- TO DO -
Look below for the line that contains "Our FOURTH in", then copy it and each following line exactly, through and including the line that contains "0.0〜50.0℃ 0.1℃単位 |".

*** Opening of DATA UNDER STUDY ***

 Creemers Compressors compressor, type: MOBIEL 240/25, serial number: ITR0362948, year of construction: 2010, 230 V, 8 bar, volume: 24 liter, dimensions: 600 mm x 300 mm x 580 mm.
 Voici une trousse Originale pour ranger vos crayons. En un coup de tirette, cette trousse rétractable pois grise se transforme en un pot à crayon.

*** Close of DATA UNDER STUDY ***
*** Opening of DATA UNDER STUDY ***

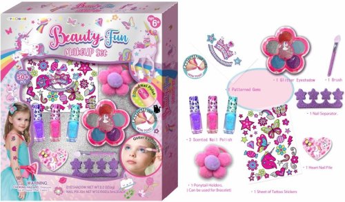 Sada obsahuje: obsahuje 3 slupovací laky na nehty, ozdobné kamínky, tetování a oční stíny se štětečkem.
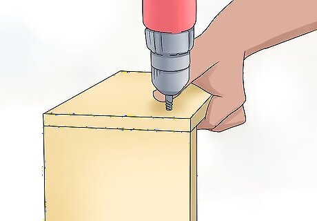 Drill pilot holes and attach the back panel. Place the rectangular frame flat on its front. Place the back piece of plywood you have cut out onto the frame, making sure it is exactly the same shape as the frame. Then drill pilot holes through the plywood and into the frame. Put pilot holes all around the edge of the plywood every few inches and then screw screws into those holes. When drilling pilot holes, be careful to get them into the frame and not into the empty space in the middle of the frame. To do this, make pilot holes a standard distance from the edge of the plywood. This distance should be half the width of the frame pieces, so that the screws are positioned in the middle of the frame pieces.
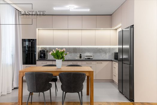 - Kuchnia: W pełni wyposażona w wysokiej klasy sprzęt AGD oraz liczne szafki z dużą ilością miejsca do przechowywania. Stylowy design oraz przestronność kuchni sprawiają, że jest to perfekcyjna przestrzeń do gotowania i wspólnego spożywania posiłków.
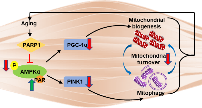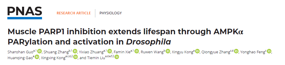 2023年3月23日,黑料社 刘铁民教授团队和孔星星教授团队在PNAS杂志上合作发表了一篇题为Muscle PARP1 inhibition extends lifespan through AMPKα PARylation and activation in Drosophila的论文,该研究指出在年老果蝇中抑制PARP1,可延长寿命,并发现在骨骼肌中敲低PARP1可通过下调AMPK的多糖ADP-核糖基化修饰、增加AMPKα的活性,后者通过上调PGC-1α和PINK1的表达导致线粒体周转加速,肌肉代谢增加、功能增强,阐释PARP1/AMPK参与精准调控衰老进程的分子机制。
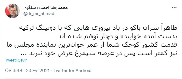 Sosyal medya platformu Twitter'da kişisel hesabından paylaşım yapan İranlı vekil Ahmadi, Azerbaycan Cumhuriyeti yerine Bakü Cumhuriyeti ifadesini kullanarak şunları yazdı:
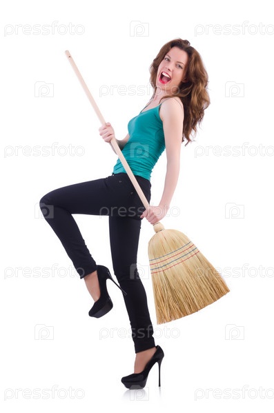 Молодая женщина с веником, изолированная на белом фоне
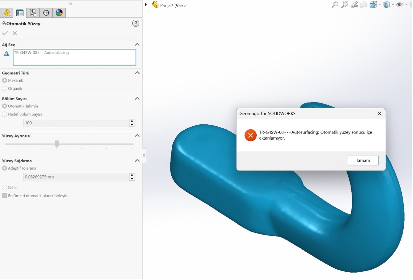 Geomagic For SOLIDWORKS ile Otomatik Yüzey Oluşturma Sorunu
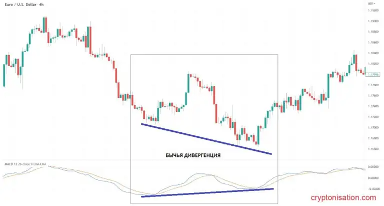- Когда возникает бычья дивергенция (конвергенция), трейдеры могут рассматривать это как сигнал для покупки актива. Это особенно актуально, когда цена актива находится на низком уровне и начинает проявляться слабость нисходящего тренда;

*** Close of DATA UNDER STUDY ***
*** Opening of DATA UNDER STUDY ***

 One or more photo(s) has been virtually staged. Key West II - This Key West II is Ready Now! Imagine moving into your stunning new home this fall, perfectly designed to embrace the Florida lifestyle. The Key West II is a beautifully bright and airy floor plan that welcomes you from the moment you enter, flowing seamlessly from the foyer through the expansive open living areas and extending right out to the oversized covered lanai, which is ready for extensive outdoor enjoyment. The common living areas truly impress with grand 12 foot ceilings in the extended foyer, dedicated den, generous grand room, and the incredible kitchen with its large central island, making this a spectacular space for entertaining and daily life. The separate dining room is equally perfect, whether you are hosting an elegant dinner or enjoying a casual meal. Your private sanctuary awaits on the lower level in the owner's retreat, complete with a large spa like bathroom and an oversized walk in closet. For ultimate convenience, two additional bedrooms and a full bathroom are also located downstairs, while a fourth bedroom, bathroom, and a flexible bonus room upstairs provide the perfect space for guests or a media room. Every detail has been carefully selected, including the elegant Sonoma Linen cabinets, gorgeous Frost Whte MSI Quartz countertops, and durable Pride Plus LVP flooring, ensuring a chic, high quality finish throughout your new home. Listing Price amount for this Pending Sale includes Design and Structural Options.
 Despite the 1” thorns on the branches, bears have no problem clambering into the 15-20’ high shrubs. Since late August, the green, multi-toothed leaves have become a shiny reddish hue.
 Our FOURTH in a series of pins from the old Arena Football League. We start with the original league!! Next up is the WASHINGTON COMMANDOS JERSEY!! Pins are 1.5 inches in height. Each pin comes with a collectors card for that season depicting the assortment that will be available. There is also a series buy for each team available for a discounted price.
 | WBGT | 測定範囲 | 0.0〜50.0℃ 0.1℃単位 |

*** Close of DATA UNDER STUDY ***

- REPLY -
 Our FOURTH in a series of pins from the old Arena Football League. We start with the original league!! Next up is the WASHINGTON COMMANDOS JERSEY!! Pins are 1.5 inches in height. Each pin comes with a collectors card for that season depicting the assortment that will be available. There is also a series buy for each team available for a discounted price.
 | WBGT | 測定範囲 | 0.0〜50.0℃ 0.1℃単位 |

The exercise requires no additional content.